Respuesta :

Answer: Chapter 16, Melba keeps getting calls from him. He tells her things to avoid and is giving her vital information about the whereabouts of those who want to hurt her, and she is deciding whether she trusts him or not. She celebrates Easter, and I found it quite funny that we both gave up Soda for Lent.

Explanation:

Answer:

Melba goes home and excitedly tells Grandma India how she tried “some of the things Gandhi talks about,” such as keeping calm in one’s own mind no matter what is going on outside. Conrad yells from the hallway that someone is on the phone for Melba. She hopes it is Vince so that she can tell him about her victory, but it is Link. Melba is furious with Link because she saw him laughing with the segregationists and talking about plans to attack her. He explains that they were planning on doing “something big” to her in the cafeteria. He was there among them to try to help her. He goes on to explain that his father takes him to meetings where segregationists devise methods to get the Little Rock Nine kicked out of school.

Coupled with Melba’s newly found strategies of nonviolence is a focus on understanding whom she can and cannot trust. Though she and Vince now have little in common, she still knows that he is a friend with whom she can share her difficulties and her victories. She does not know how to position Link, by contrast, who seems to be on the side of her tormenters. Even his family is involved in helping to get Melba and the others kicked out of Central. He seems to embody the white supremacy against which she is fighting.

Grandma India and Mother Lois still wonder about Link’s motives.
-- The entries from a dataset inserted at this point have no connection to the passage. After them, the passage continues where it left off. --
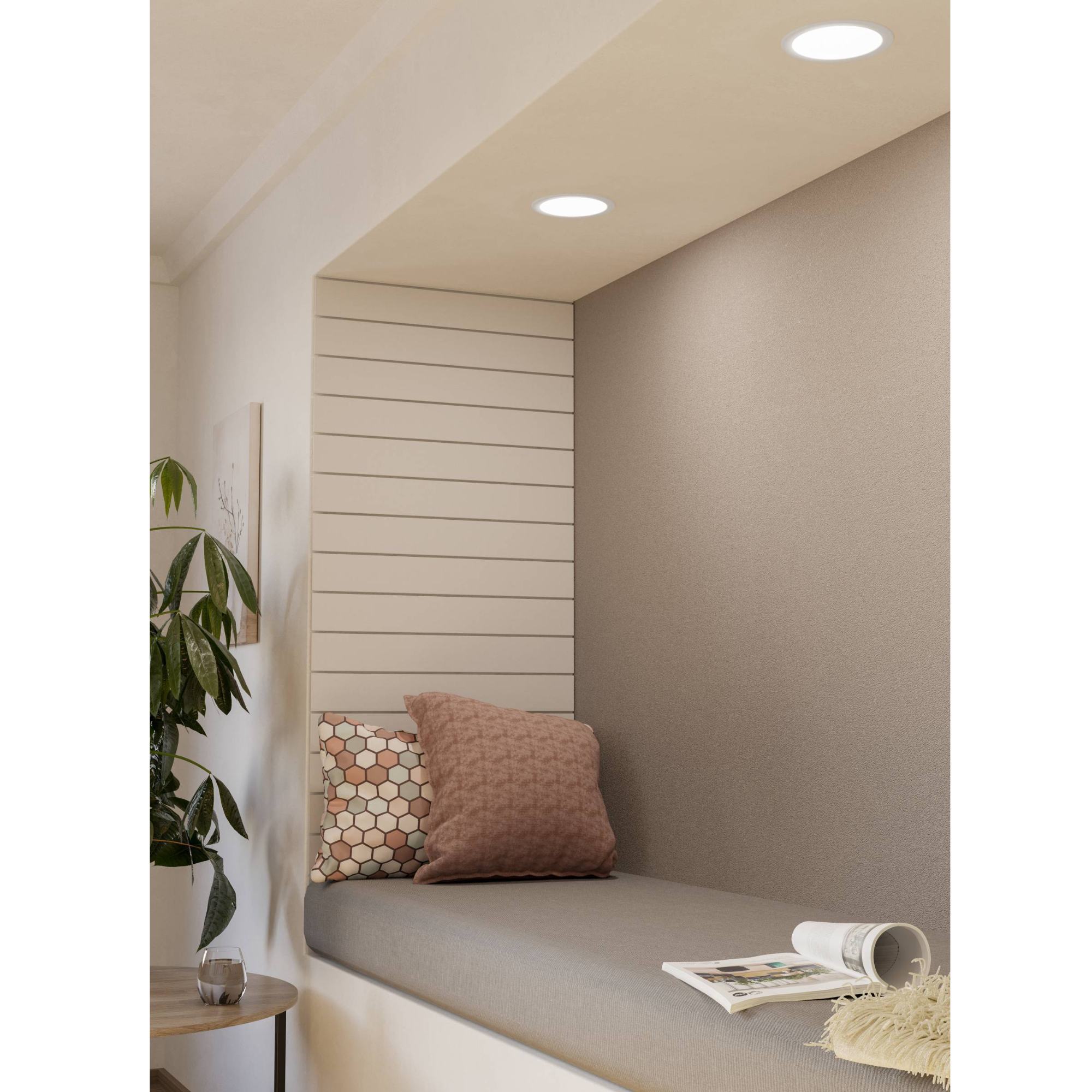 Zapustené svietidlo FUEVA 2 zaujme svojim jednoduchým dizajnom. Ozdobí tak akúkoľvek časť vášho interiéru. Skvele sa hodí ako osvetlenie do chodby, predsiene alebo šatne. Telo je z kovu, tienidlo zase z plastového materiálu bielej farby. Svietidlo je dodávané vrátane LED zdroja v teplej bielej farbe. So zapusteným svietidlom FUEVA 2 si vytvoríte štýlové prostredie vo svojom interiéri.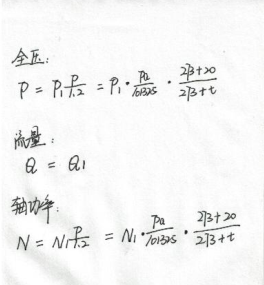 鼓風(fēng)機性能按t=20℃,大氣壓力po=101325pa,氣體密度p=1.2kg/m3時的空氣介質(zhì)計算。訂貨時以性能表為準(zhǔn),如鼓風(fēng)機的使用條件與上述不符時,性能應(yīng)按照下列公式進行換算。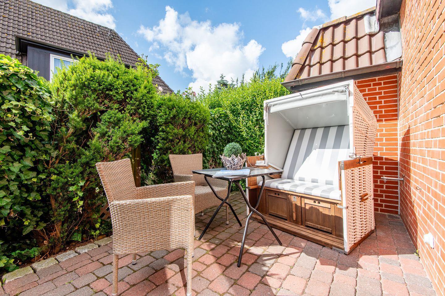 Auf der nach Westen ausgerichteten Terrasse können Sie den Tag gemütlich ausklingen lassen. Ein Strandkorb, ein Tisch mit zwei Stühlen und passende Auflagen laden zu gemütlichen Stunden an der frischen Luft ein.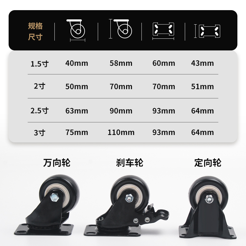 1 5 inch orientation wheel 1 5 inch universal wheel 1 5 inch universal brake wheel 2 inch orientation wheel 2 inch universal wheel 2 inch universal wheel 2 inch universal brake wheel 1 5 inch orientation wheel (four fit) 1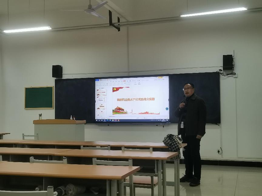 11月9日下午7-8节课,公司党委副书记、经理向纪明在博学楼110教室为22软件技术1、22软件技术2合班共60余名员工上形势与政策课,讲授《新时代全面从严治党的伟大实践》《伟大时代的历史跨越》专题内容。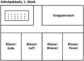 [x] Klassenräume: Da die Klassen nach Elementen aufgeteilt werden, gibt es in jedem Jahrgang vier Klassen und somit auch vier Klassenräume. Die Klassenräume bieten viel Platz für theoretisches und praktisches Lernen. Jeder Schüler hat einen Sitzplatz und einen Tisch für sich allein.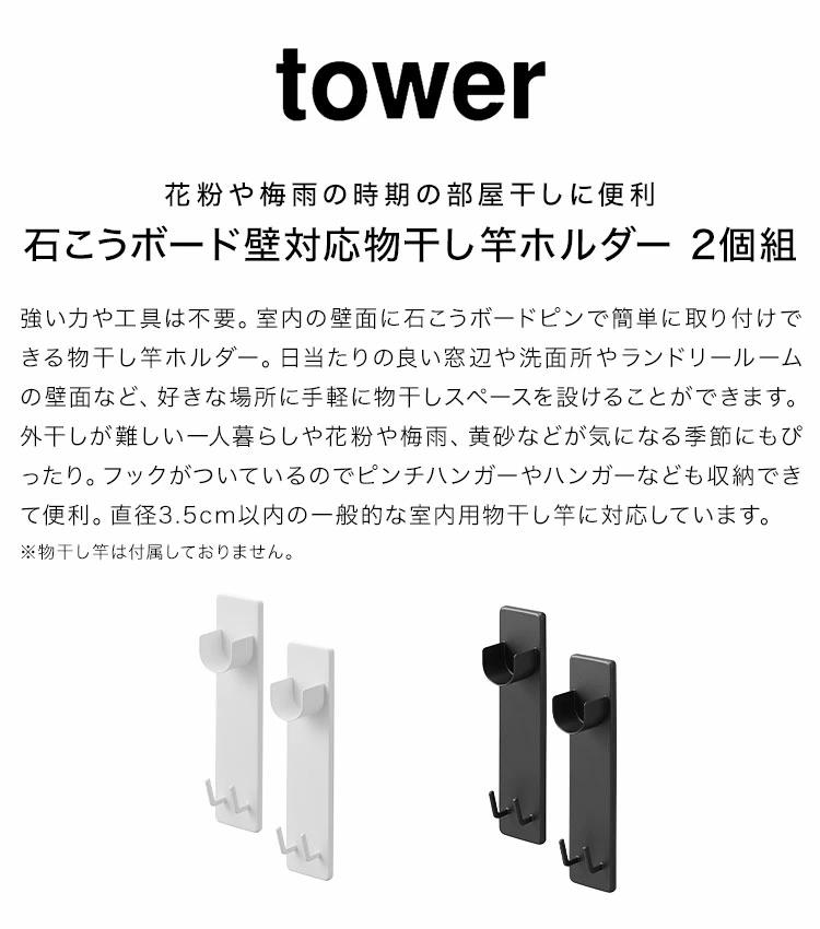 ■関連キーワード山崎実業 石こうボード壁対応物干し竿ホルダー タワー tower 2個組 賃貸 室内干し 部屋干し 屋内 洗濯 グッズ ラック フック 壁付け 石膏ボードピン 2113 2114 yamazaki 山実 一人暮らし 洗面所 リビング 白 黒 ホワイト ブラック おしゃれ シンプル セット 花粉対策 梅雨 黄砂対策 10代 20代 30代 40代 50代 60代 70代 80代 大学 大学生 保育園 保育所 幼稚園 学生 学校 息子 娘 孫 女性 女子 女の子 ガールズ レディース girl 男性 男子 男の子 ボーイズ メンズ boy 父 母 おかあさん おとうさん パパ ママ シニア おじいちゃん おばあちゃん お爺ちゃん お婆ちゃん 祖父 祖母 じいじ ばあば プレゼント プチ ミニ ギフト お祝い お返し 粗品 景品 送別会 イベント 母の日 父の日 おしゃれ オシャレ お洒落 かわいい 可愛い カワイイ シンプル かっこいい カッコいい カッコイイ モノクロ スタイリッシュ ナチュラル モダン 無地 北欧 シンプル おしゃれ オシャレ お洒落 モノトーン スマート 引っ掛け かける 引っ掛け収納 隙間収納 浮かせる 新生活 引越し 引っ越し 新築 結婚 祝い 新居 マンション アパート 一人暮らし ひとり暮らし 1人暮らし 二人暮らし ふたり暮らし 2人暮らし ファミリー 家族 一戸建て 戸建 賃貸 便利 インテリア インテリア雑貨 収納雑貨 生活雑貨 整理整頓 整理用品 スペース 有効活用 山実 やまじつ ヤマジツ やまざきじつぎょう たわー towerシリーズ ブランド インテリアブランド
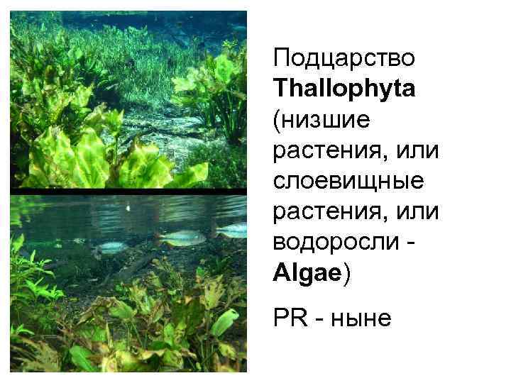 Подцарство Thallophyta (низшие растения, или слоевищные растения, или водоросли - Algae) PR - ныне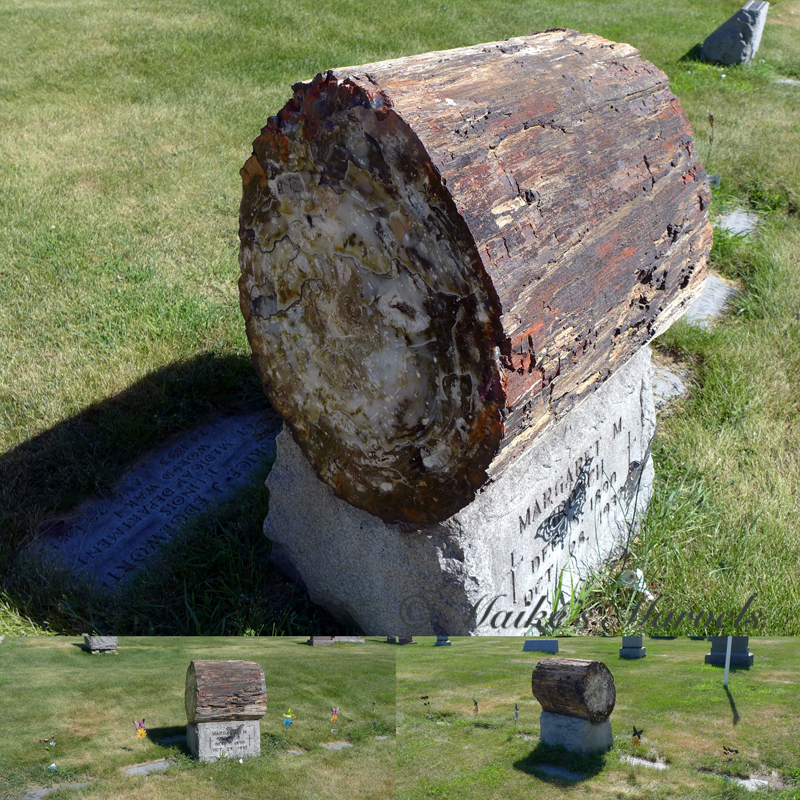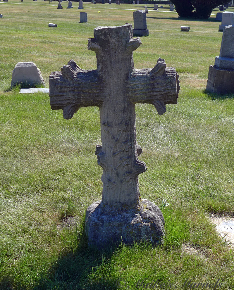 The tree-trunk headstones are apparently an indication of Woodmen of the World membership. “An enduring physical legacy of the organization is distinctive headstones in the shape of a tree stump. This was an early benefit of Woodmen of the World membership, and they are found in cemeteries nationwide. This program was abandoned in the late 1920s as it was too costly. Typically the headstones would include a depiction of the WOW relics and symbols of the organization.”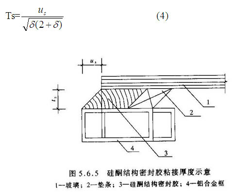 2.1硅酮結構膠的粘接厚度tS(如下圖)應符合公式(4)的要求: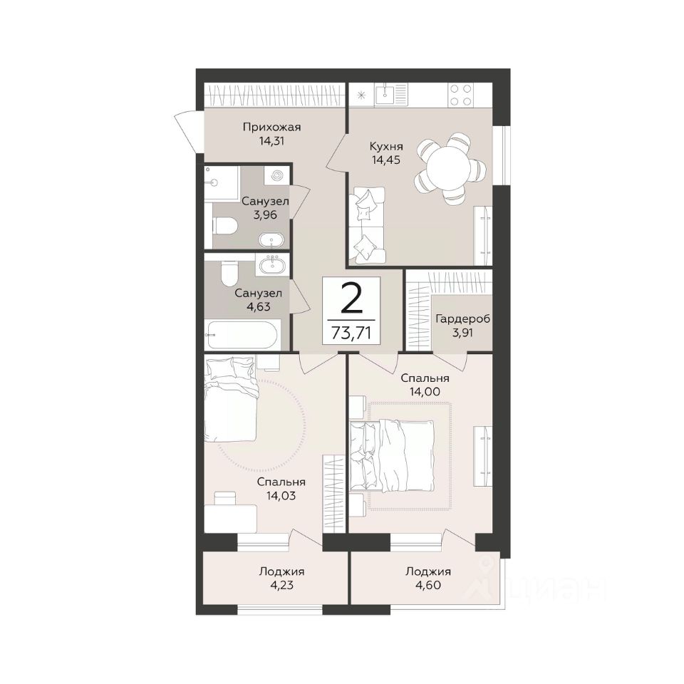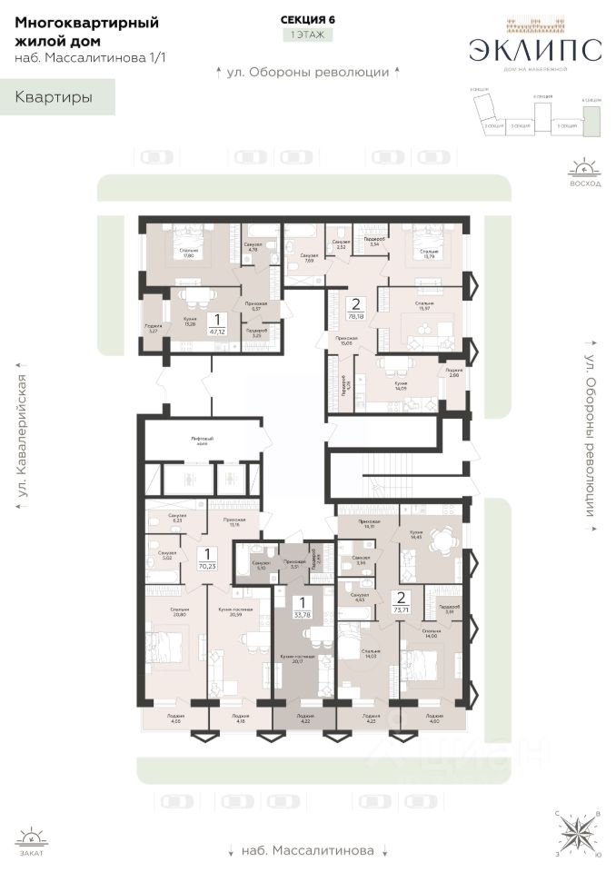 Продаётся 2-комнатная квартира в строящемся доме (Эклипс), срок сдачи: III-кв. 2030, общей площадью 73.71 кв.м., на 1 этаже. Новый жилой комплекс от группы компаний "Развитие" расположен по адресу: г. Воронеж, набережная Массалитинова.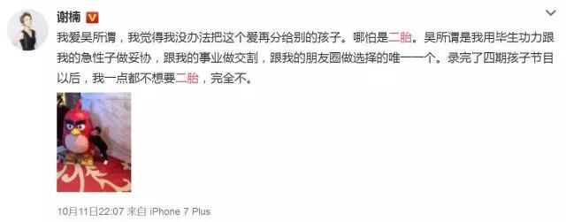 吴京的老婆谢楠之前就发过一条微博,明确表明不生二胎。评论底下也是吵得五花八门的。本鹿很欣赏谢楠,因为对于二胎,她有自己的想法和立场,毕竟每个人都有自己选择的权利。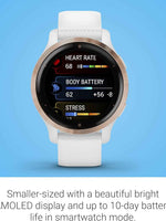 Garmin Venu 2S GPS Smartwatch – Rose Gold Bezel with White Silicone Band, Smaller Size, Advanced Health & Fitness Tracking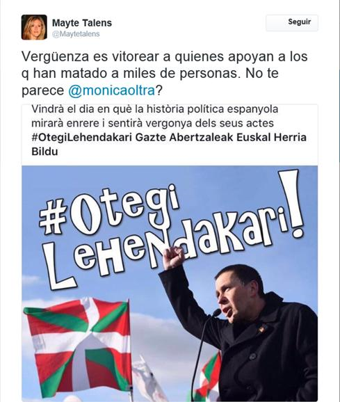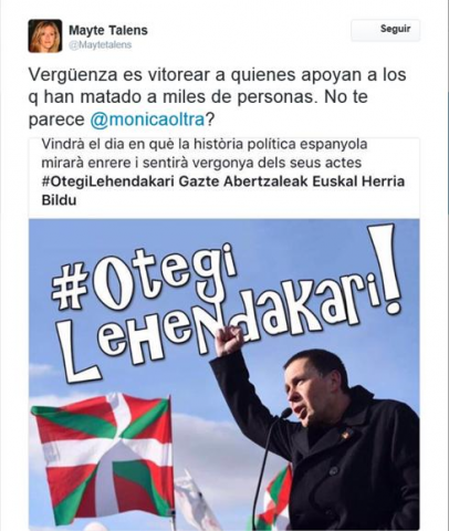 Per eixe motiu a lo manco resulta curios que tant Chimo Puig, com Monica Oltra hagen rectificat les seues declaracions inicials. El primer, en acabant de parlar a favor de la candidatura d'Otegi, va fer un articul contra el terrorisme i a favor de les victimes... -molt coherent- i la segona ordenà la supressio del comentari de les pagines de Facebook, i llançà declaracions de la seua desvinculacio en la violencia i les actituts d'Otegi.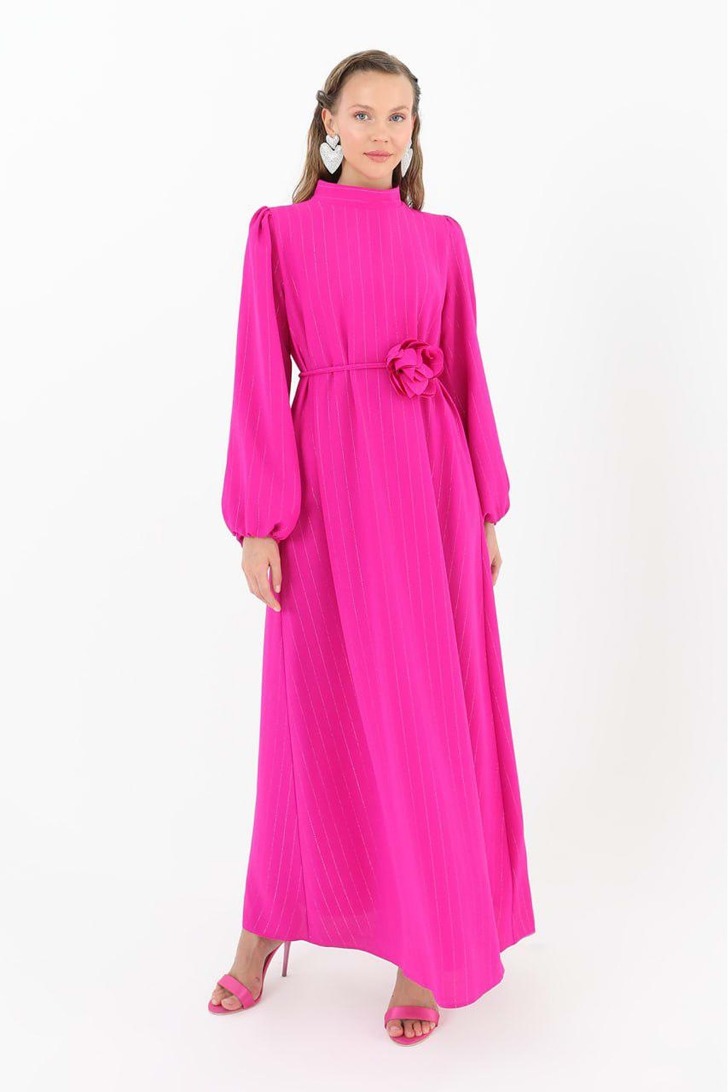 Puane Sim Çizgili Güllü Abiye 12541 - Fuşya - 38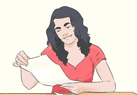 Check the note for spelling, grammar, and punctuation. Once you have finished writing the card, read it over and check for any errors. If you are handwriting the card, you may write out a rough draft first and check it over before you write it on the actual thank you card. If you are creating the card online, you can edit it for errors easily before you send it out. Try reading the note backwards to check for spelling errors. Identify all the punctuation used in the note and make it sure it is correct. Double check the spelling of the person’s name in the note to ensure it is correct.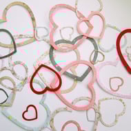 A lovely heart card, perfect for Valentines, an anniversary or a wedding. Made with cotton fabric, washi tape and cardstock mounted onto a square card which is blank inside for your special message. The hearts themselves are made from cotton fabric which has been mounted onto cardstock and then stuck onto the card.

Melba’s grandmother suggests that he could be trying to lure her into a trap for the Klan. Melba decides that she will trust Link because no one else could help to protect her inside of Central. He warns her not to go to her locker in the afternoon and she listens to him. Later, she finds that someone broke into her locker and “shredded the contents.” Link also tells her that, in the beginning of April, the segregationists plan “to speed up their efforts” so that the remaining students in the Little Rock Nine cannot complete a full school year. Mother Lois and Grandma India still disapprove of Melba’s relationship with Link, but they accept that he is helping her in a way that they cannot.

Link’s position as a “double-agent” allows him to help Melba without compromising his social position in the community or at school. Melba allows him to help her because he is undoubtedly privy to information that no one else will share with her. With Danny no longer present, she cannot rely on a physical presence to protect her from violence; instead, she requires intelligence so that she can remain a step ahead of her attackers.